The thresholds that a person can receive tax-free (on or after 9 October 2019) are as follows:
· Class A – parent: €335,000.
· Class B – relative: € 32,500.
· Class C – non-blood relative: €16,250.
40 Annual exempt amount
A farmer can receive by way of a gift an amount of €3,000 from any person in a calendar year without affecting his/her threshold. No gift or inheritance tax applies between spouses.
41 Certain medical expenses
A gift or inheritance taken exclusively to discharge medical expenses of a permanently incapacitated individual is exempt.
42 Stately houses/works of art/gardens
If you own a property of national, scientific or artistic interest and reasonable access is given to the public during the three years prior to the gift or inheritance, tax relief may apply.
43 Agricultural relief
This relief reduces the value of the asset you are receiving by 90%. If you receive €2m of agricultural property you will only be taxed on €200,000, ie 10% of its value. Ensure that you meet the conditions to qualify for this relief. Beware clawback of the relief if you fail to satisfy the conditions. The recipient must be an “active farmer” to receive this relief.
44 Business relief
If you do not qualify for agricultural relief, business relief may be available. It applies to the transfer of a business or part of a business.
It does not apply to an individual asset. It reduces the value of the asset by 90%.
45 Favourite nephew-niece relief
In certain circumstances, a nephew or niece who has worked on a full-time basis on the farm will be deemed to qualify as your “child” for the purpose of CAT. If they qualify, they can avail of the CAT Group A threshold.
46 Free use of property
If you have the use of property for free or below-market value, be aware that this amount is regarded as an annual benefit. Therefore, it could erode some or all of the amount you can get tax-free.
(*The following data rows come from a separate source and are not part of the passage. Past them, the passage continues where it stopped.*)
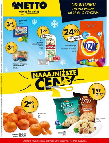 {loadposition linkNetto} Nowa gazetka promocyjna Netto - "Naaajniższe ceny". Polecane promocje z gazetki Netto: Proszek do prania Vizir 5 kg - 24,99 zł. Piwo Kasztelan Niepasteryzowane 500 ml - 1,79 zł. Mandarynki 1 kg - 2,49 zł. …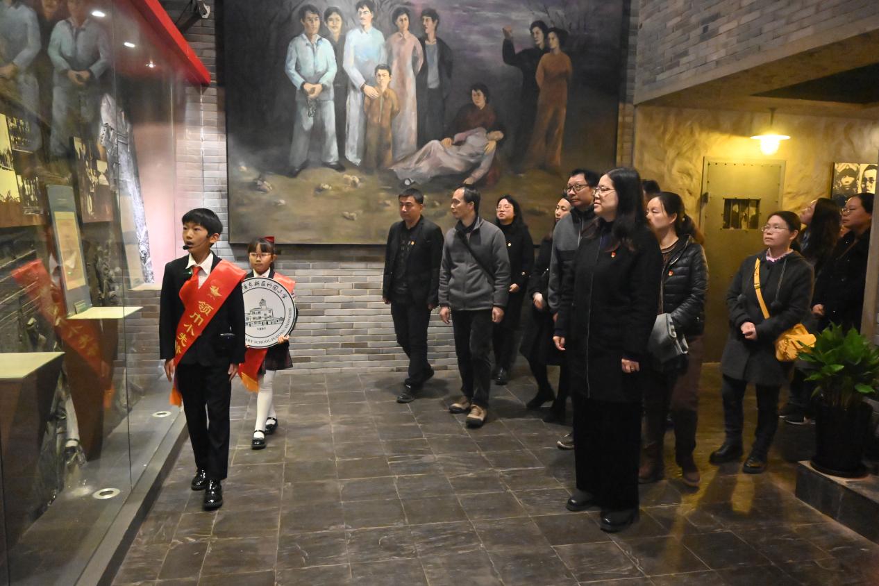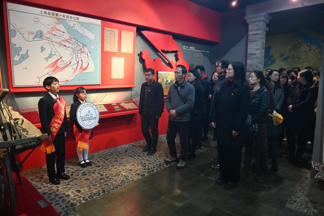 简朴又隆重的祭扫仪式结束后,师生党员手持雏菊依次向英烈献花,参观上海战役浦东纪念馆。在“红领巾讲解员”生动的讲解下,重温解放上海那段壮怀激烈的革命历史。面对强敌,英雄的中国人民解放军高举红旗,冒着枪林弹雨,涉水网、炸碉堡,舍生忘死、浴血奋战,赢得了上海解放战争的伟大胜利。大家驻足瞻仰,一张张珍贵的照片、一个个感人的故事,生动再现当年解放军战士们浴血奋战不怕牺牲的战斗精神,深切缅怀革命先烈的崇高精神和不朽伟业。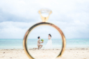 ぎゅっと距離を縮めて、海を眺めるおふたりのバックショット♡
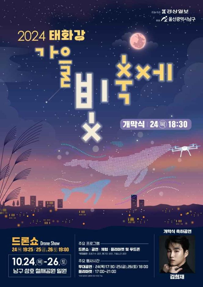 2024 태화강 가을빛 축제가 10월 24일 목요일부터 26일 토요일까지 울산 남구 삼호철새공원 일원에서 개최될 예정이다. 이번 축제는 화려한 드론쇼와 함께 시작될 예정이며, 유명 가수 김희재가 개막 축하공연을 펼쳐 많은 이들의 기대를 모으고 있다. 드론쇼는 개막식이 열리는 24일 오후 7시 25분을 시작으로, 25일 금요일 오후 7시, 26일 토요일 오후 7시에 각각 진행될 계획이다.

Certain life insurance policies (where the parent pays a premium into a certain life insurance and it then pays out the proceeds of the policy on the death of the parent) can be exempt from CAT where the proceeds are used to pay CAT. The policy must be approved by Revenue.
Other tax exemptions
47 Annual small benefit for employees
An employer can pay you or any of its employees a one-off voucher of €500 each year tax- and PRSI-free.
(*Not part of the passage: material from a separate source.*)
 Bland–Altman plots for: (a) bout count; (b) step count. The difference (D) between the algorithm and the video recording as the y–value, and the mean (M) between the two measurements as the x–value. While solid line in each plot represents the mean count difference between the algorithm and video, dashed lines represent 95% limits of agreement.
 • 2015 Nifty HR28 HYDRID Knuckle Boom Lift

Full income tax relief (40%) is to be provided in the year in which the investment is made. This compares with current arrangements where 30% relief is provided upon the initial investment and a further 10% is given after year three, subject to certain conditions.
The annual investment limit will be increased from €150,000 to €250,000. A new €500,000 annual investment limit has been introduced in the case of those who invest for a minimum.
49 Benefit in kind (BIK) – electric cars
The BIK exemption for electric cars and vans with a market value of less than €50,000, is being extended to 31 December 2022. Where the original market value of the electric car or van exceeds €50,000, the preferential tax treatment is also extended to the end of 2022.
50 Site for Building of a House-
Subject to duty at 7.5% on transfer but once a house started within 30 months of transfer and meet the relevant condition 11/15th of the duty can be applied to be refunded.
Remember that carbon tax increases on agro diesel from 1 May 2022.